Werner Herzog's Fitzcarraldo is a beautiful constructed masterpiece of gigantic epic proportions and is one of the boldest and bravest films in the history of the cinema. A film project like this could never be made today, because the film-making process that Herzog and his cast and crew endured was grueling, risky and at times life threatening, filming on location in the jungles of South America. The film tells the story about a madman, his love for the opera and who is greatly obsessed with the idea in building an opera house in the middle of the Amazon jungle. To achieve this he is determined to drag a large boat over a mountain so he is able to cross from one end of the river to another. To achieve this effect Herzog could have used special effects for the scenes of the 360-ton boat being hauled up a steep and dangerous 40-degree slope in the jungle, but he wanted the audience to witness something that was real and authentic; and for them to know that what they were watching was not special effects and the boat was not a fake.
The tortured production history of Werner Herzog's Fitzcarraldo (ably recorded in Les Blank's documentary Burden of Dreams) tends to take the spotlight away from this deeply mesmerizing film. And that's unfortunate, because the film itself is even more fascinating than the trials and tribulations, amazing though they might be, that led to its being made. Part of the problem is the film's deliberate, some might say ponderous, pace, which invites the viewer to experience the slow immersion into the jungle that Fitzcarraldo and company experience. Herzog did something similar in Aguirre, the Wrath of God, sometimes aiming his camera at the river rapids for extended periods of time, with hypnotic results. This could never happen in a Hollywood film, and it should be treasured. --Jim Gay
The making ofFitzcarraldo was made into a documentary which was titled Burden of Dreams directed by Les Blank and Maureen Gosling.
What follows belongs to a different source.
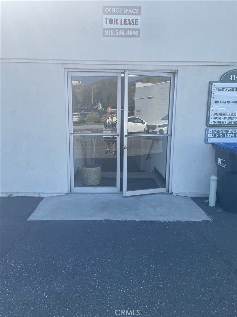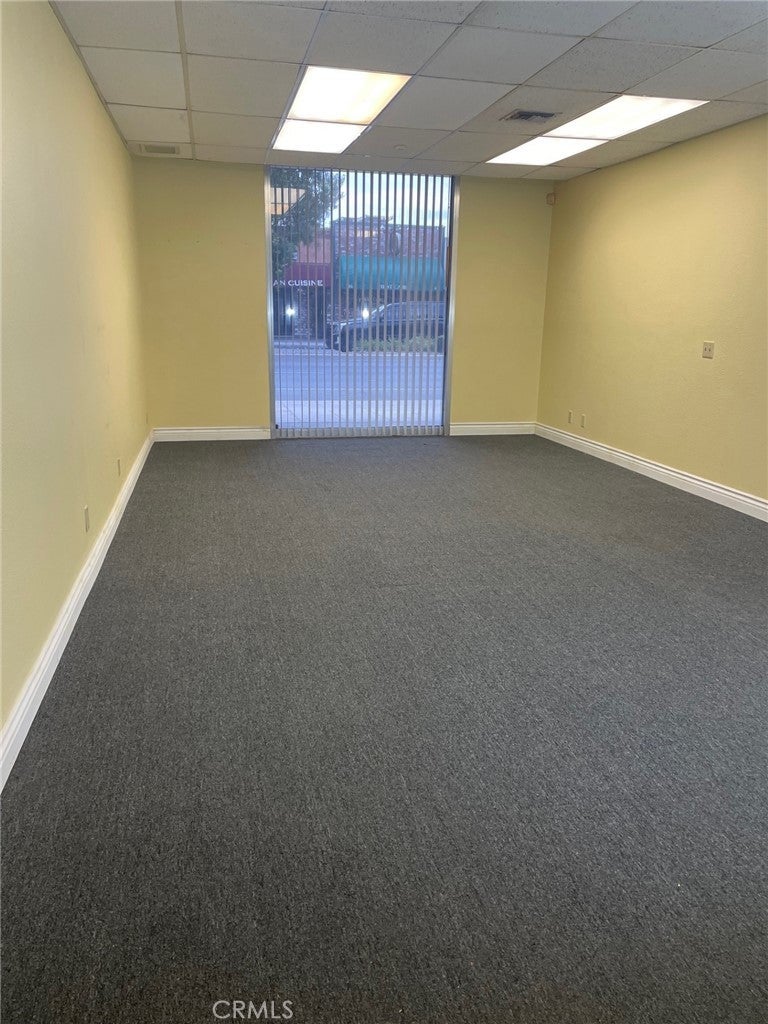 This is a one level two room, 544 square foot office in the heart of Arcadia downtown district. There is a secretarial/reception office with it's own entrance at the north entry of the office and a large office space behind it which is served by an additional single door entrance from the secretarial office. The door allows both offices to be separated and private when needed. Access to the large office is also possible through a separate door entry off the west side hallway. The building is a one level concrete building with a 90 foot frontage on Huntington Drive providing a great presence for your business and clients. The office has carpeting flooring and a very large floor to ceiling window on the south wall providing a streetscape of Huntington Drive. Lots of natural light and high ceilings make the space a very comfortable office. There is a large parking lot at the rear of the property exclusively for tenants and their clients. The abundant parking on Huntington Drive is also perfect for easy entrance and exit for your clients. Adjacent to the north is City free parking as well. The post office is just across from the alley, as well as a new mixed use project under construction and two new restaurants across the street. The Goldline Station is very close. Two double door entryways in the front and the rear of the building serve all access. A large separate mens and women's bathroom is provided along with inner mailboxes and tenant directories on the building. Most tenants are or have been very long term users because the quietness, privacy and building standing in Arcadia. The building also affords tenants the opportunity to be involved in City Holiday sponsored events such as Fourth of July, Halloween etc. Tenant pays utilities.

They spent time in the jungle with Herzog, Klaus Kinski, and the cast and crew during the making of Fitzcarraldo and after you watch the documentary you come to realize that everyone that had something to do with the making of Fitzcarraldo was clearly scarred and damaged by the experience. You learn about all the struggles that Herzog had to endure during the making of the film including the steamboat slipping back down the hill, a crew member being bitten by a deadly snake but saving his life by cutting off his foot with a chainsaw, and even having Herzog's Brazilian engineer resigning and walking away from the film after telling Herzog there was a 70 percent chance that the cables would snap and dozens of lives could be lost trying to get the ship over the mountain. Klaus Kinski was a major source of tension on the set, as he fought virulently with Herzog and other members of the crew. In My Best Fiend, Herzog states that one of the native chiefs offered, in all seriousness, to murder Kinski for him, but that he declined because he needed Kinski to complete filming.